The pundits love to denounce populists. They are the ignorant people who rally to the standards of far-right fascists like Rodrigo Duterte of the Philippines or Jair Bolsonaro of Brazil or Marine Le Pen of France. Or to a supposed leftist demagogue (but in fact democratically elected) Nicolás Maduro in Venezuela. In the US, they are Donald Trump’s loyal “deplorables” or Bernie Sanders’s “Bernie Bros.” They are racist, sexist, xenophobic, suspicious of expertise, contemptuous of those who disagree with them, resentful of privilege, backward-looking, quick to mob violence. In short, populists represent a rising danger to democracy.

(Team Crazy Wins the Sane State, Daily Beast Feb 10, 2016)

Taking his title from Carl Sandburg’s book-length Depression-Era poem, The People, Yes, Thomas Frank proposes that anti-populists pose the real threat. Modern scholars and media have the story backwards.

Frank begins with the largely-forgotten Populist political party. The Populist, or People’s Party, founded in Kansas in the early 1890s, was the last serious effort to form a national third party. It drew together the Farmers’ Alliance, which promoted collective action by farmers, the Greenbackers, who sought a fiat currency instead of the gold standard, labor organizers like Eugene Debs and Terence Powderly, advocates of votes for women, followers of utopian novelist and activist Edward Bellamy, and followers of economic reformer Henry George.
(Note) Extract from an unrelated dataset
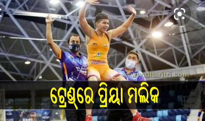ବୁଦାପେଷ୍ଟ,୨୫।୭: ଟୋକିଓ ଅଲମ୍ପିକ୍ସରେ ଭାରତୀୟ ଦଳ ଏକ ଭଲ ଆରମ୍ଭ କରିଛି। ପ୍ରଥମ ଦିନରେ ଓ୍ବେଟ୍‌ଲିପ୍ଟର ମୀରବାଇ ଚାନୁ ରୌପ୍ୟ ପଦକ ଜିତିଛନ୍ତି। ଏହାପରେ ସେ ସୋସିଆଲ ମିଡିଆରେ ଟ୍ରେଣ୍ଡ୍‌ ହେବା ଆରମ୍ଭ କରିଛନ୍ତି। ଏହାର ଗୋଟିଏ ଦିନ ପରେ ଭାରତୀୟ ରେସଲର୍‌ ପ୍ରିୟା ମଲିକ ମଧ୍ୟ ଟୁଇଟର୍‌ରେ ଟ୍ରେଣ୍ଡ କରୁଛନ୍ତି। ହଙ୍ଗେରୀର ବୁଦାପେଷ୍ଟରେ ଚାଲିଥିବା ବିଶ୍ୱ କ୍ୟାଡେଟ ରେସଲିଂ ଚାମ୍ପିଅନସିପରେ ଭାରତୀୟ ରେସଲର ପ୍ରିୟା ମଲିକ ଚମତ୍କାର ପ୍ରଦର୍ଶନ କରି ସ୍ବର୍ଣ୍ଣ ପଦକ ଜିତିଛନ୍ତି। ଚାମ୍ପିଅନସିପର ଶେଷ ଦିନରେ ପ୍ରିୟା ୭୩ କିଲୋଗ୍ରାମ ବର୍ଗର ଫାଇନାଲରେ ବେଲାରୁଷର ରେସଲରଙ୍କୁ ୫-୦ ରେ ପରାସ୍ତ କରିଛନ୍ତି। ଏହାପରେ ତାଙ୍କୁ ଲୋକେ ସୋସିଆଲ ମିଡିଆରେ ଶୁଭେଚ୍ଛା ଜଣାଇବାକୁ ଲାଗିଥିଲେ। ଏସବୁ ଭିତରେ କିଛି ଲୋକ ତାଙ୍କୁ ଟୋକିଓ ଅଲିମ୍ପିକ୍ସରେ ସ୍ବର୍ଣ୍ଣ ଜିତିବା କହି ଶୁଭେଚ୍ଛା ଜଣାଇଥିଲେ। ଏଥିରେ ବଡ ବଡ ସେଲିବ୍ରିଟି ମଧ୍ୟ ସାମିଲ ଥିଲେ। ପରେ ସତ୍ୟାସତ୍ୟ ଜାଣିବା ପରେ ସେମାନେ ଟୁଇଟ୍‌ ଡିଲିଟ୍‌ କରିବାକୁ ବାଧ୍ୟ ହୋଇଥିଲେ।
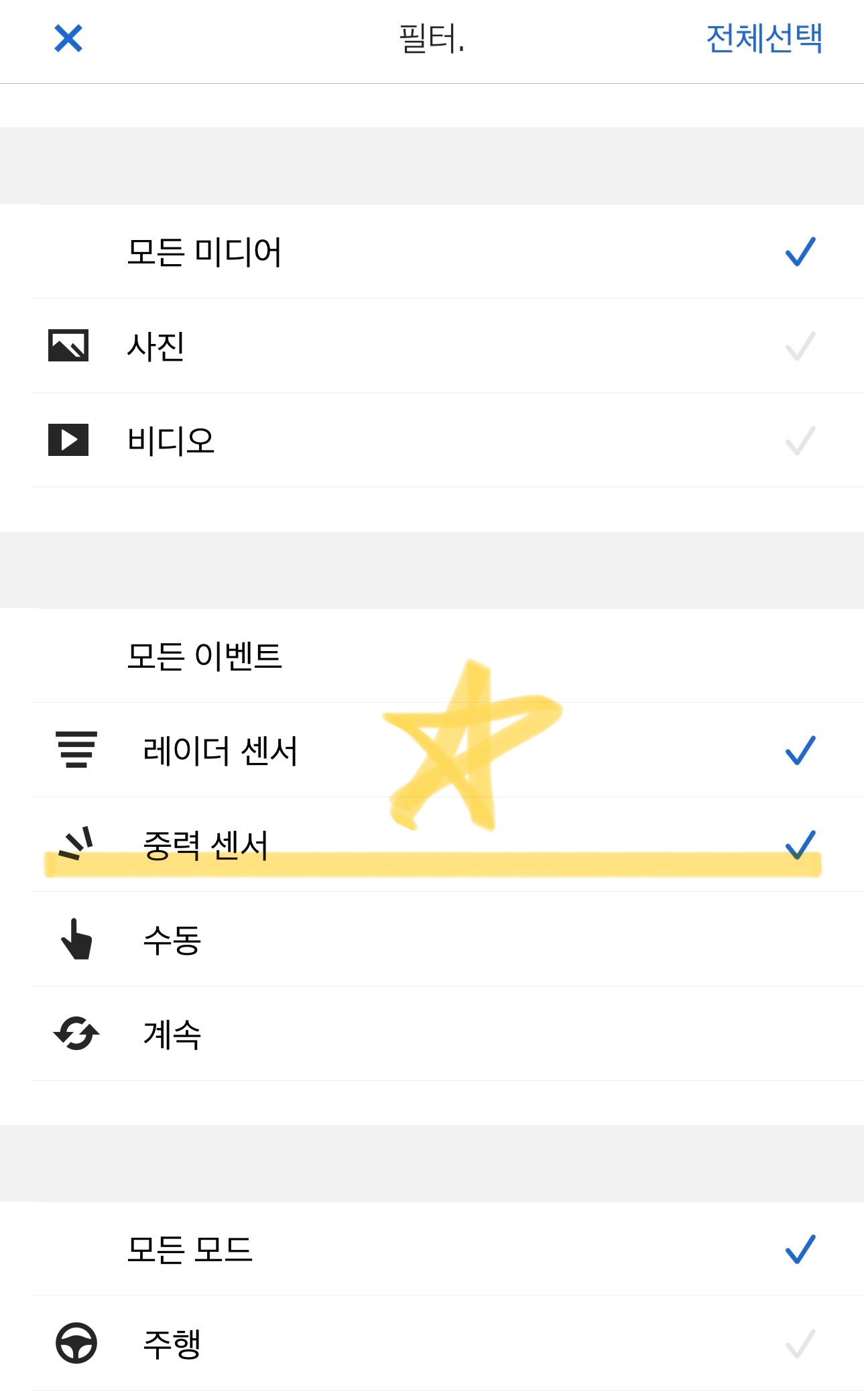 (5) 필터 활용하여 중력센서, 레이다 센서에 잡힌 영상을 확인한다.

Most of the reforms on the Populist platform sound familiar today and would eventually happen. The Populists called for regulation of the banks and public ownership of railroads. They proposed to end the gold standard, which harmed farmers and other debtors by causing steady deflation. They called for direct election of senators, votes for women, a graduated income tax, and the eight-hour work day. To achieve these objectives, the Populists sought to create a coalition between midwestern farmers and city workers. Even more radical, poor white farmers in the south allied with organizations representing poor black farmers. Far from disparaging knowledge, the Populists believed in education, publishing millions of pamphlets and setting up reading and discussion groups among farmers and workers. Above all, the Populists believed that an alliance of ordinary working-class people could take control from the moneyed elite.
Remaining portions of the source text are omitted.